Lifting up your hands

Verse. 48. Thy commandments. By commandments he understandeth the word of God, yet it is more powerful than so; it is not, I have loved thy word; but, I have loved that part of thy word that is thy "commandments," the mandatory part. There are some parts of the will and word of God that even ungodly men will be content to love. There is the promissory part; all men gather and catch at the promises, and show love to these. The reason is clear; there is pleasure, and profit, and gain, and advantage in the promises; but a pious soul doth not only look to the promises, but to the commands. Piety looks on Christ as a Lawgiver, as well as a Saviour, and not only on him as a Mediator, but as a Lord and Master; it doth not only live by faith, but it liveth by rule; it makes indeed the promises the stay and staff of a Christian's life, but it makes the commandments of God the level. A pious heart knows that some command is implied in the qualification and condition of every promise; it knows that as for the fulfilling of the promises, it belongs to God; but the fulfilling of the commands belongs to us. Therefore it looks so, upon the enjoying of that which is promised that it will first do that which is commanded. There is no hope of attaining comfort in the promise but in keeping of the precept; therefore he pitches the emphasis, "I have loved thy word," that is true, and all thy word, and this part, the mandatory part: "I have loved thy commandments."

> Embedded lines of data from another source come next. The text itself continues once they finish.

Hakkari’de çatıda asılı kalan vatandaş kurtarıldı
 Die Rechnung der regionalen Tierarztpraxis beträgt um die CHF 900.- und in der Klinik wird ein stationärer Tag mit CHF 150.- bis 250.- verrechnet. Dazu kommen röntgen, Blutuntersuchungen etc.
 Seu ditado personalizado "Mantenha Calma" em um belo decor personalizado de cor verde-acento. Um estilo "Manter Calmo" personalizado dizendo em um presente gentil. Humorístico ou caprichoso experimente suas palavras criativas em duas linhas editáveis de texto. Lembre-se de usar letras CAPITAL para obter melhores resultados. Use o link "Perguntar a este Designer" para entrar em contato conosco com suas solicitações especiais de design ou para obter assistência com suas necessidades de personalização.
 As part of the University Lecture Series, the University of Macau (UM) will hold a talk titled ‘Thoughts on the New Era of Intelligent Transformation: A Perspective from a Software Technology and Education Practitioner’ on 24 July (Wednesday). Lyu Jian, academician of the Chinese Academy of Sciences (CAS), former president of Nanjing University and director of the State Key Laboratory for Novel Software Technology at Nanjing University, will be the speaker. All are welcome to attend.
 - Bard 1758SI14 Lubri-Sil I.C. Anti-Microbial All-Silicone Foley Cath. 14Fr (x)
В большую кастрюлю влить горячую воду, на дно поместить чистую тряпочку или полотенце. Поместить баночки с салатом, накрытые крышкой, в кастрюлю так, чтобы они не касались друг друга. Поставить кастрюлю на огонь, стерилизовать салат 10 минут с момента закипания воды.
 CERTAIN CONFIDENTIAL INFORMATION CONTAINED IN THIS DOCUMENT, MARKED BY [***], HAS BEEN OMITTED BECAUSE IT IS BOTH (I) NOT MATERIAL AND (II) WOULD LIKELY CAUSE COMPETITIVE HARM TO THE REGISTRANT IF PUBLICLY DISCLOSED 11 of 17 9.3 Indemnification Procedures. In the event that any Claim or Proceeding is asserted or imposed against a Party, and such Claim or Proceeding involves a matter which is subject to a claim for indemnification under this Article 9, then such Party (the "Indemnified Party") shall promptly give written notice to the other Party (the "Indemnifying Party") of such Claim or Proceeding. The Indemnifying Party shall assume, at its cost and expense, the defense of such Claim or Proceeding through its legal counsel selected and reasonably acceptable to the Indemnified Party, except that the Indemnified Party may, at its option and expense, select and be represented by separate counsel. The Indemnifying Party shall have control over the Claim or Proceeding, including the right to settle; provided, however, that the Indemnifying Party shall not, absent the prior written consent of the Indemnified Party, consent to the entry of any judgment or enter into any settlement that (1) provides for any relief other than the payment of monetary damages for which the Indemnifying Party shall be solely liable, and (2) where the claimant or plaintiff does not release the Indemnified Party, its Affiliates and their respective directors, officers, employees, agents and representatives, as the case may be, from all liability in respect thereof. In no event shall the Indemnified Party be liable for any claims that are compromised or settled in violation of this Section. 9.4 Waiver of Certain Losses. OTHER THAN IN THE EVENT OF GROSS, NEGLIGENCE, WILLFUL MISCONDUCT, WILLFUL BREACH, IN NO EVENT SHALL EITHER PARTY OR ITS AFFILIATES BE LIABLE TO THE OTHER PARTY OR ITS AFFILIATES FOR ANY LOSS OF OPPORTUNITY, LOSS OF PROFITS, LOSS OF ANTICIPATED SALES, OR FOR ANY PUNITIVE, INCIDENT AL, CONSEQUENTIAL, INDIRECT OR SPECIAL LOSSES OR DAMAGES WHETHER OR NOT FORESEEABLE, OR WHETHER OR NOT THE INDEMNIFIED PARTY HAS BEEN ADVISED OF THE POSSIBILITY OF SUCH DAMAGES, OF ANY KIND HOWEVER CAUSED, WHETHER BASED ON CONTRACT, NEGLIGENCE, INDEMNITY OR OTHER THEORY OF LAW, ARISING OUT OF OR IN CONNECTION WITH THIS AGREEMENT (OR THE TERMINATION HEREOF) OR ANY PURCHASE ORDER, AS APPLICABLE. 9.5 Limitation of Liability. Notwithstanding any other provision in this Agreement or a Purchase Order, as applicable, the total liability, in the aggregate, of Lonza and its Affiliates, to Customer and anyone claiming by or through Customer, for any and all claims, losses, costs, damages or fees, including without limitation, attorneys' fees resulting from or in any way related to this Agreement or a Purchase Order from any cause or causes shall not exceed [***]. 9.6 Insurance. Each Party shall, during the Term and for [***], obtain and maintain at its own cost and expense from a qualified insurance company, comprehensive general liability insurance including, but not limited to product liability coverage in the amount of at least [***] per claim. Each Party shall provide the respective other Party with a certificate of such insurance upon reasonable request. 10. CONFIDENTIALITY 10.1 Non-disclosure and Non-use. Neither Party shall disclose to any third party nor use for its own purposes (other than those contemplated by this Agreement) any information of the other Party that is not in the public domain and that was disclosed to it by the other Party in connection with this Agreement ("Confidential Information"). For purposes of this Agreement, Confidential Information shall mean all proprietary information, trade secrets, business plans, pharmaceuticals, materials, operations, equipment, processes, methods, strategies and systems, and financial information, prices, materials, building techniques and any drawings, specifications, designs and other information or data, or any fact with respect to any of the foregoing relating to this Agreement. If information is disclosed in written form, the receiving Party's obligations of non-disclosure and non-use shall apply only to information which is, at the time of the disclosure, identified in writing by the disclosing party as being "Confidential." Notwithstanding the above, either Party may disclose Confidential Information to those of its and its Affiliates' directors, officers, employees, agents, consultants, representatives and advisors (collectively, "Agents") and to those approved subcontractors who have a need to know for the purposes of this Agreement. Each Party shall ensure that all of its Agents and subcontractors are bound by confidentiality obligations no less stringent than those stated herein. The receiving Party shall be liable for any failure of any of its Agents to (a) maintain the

Observe the number, "thy commandments"; it is plural, that is, all thy commandments without exception; otherwise even ungodly men will be content to love some commandments, if they may choose them for themselves.
Richard Holdsworth (1590-1649), in "The Valley of Vision."

From the additional notes to Charles Spurgeon's, The Treasury of David, on Psalm 119 - I will lift up my hands to your commandments, which I love.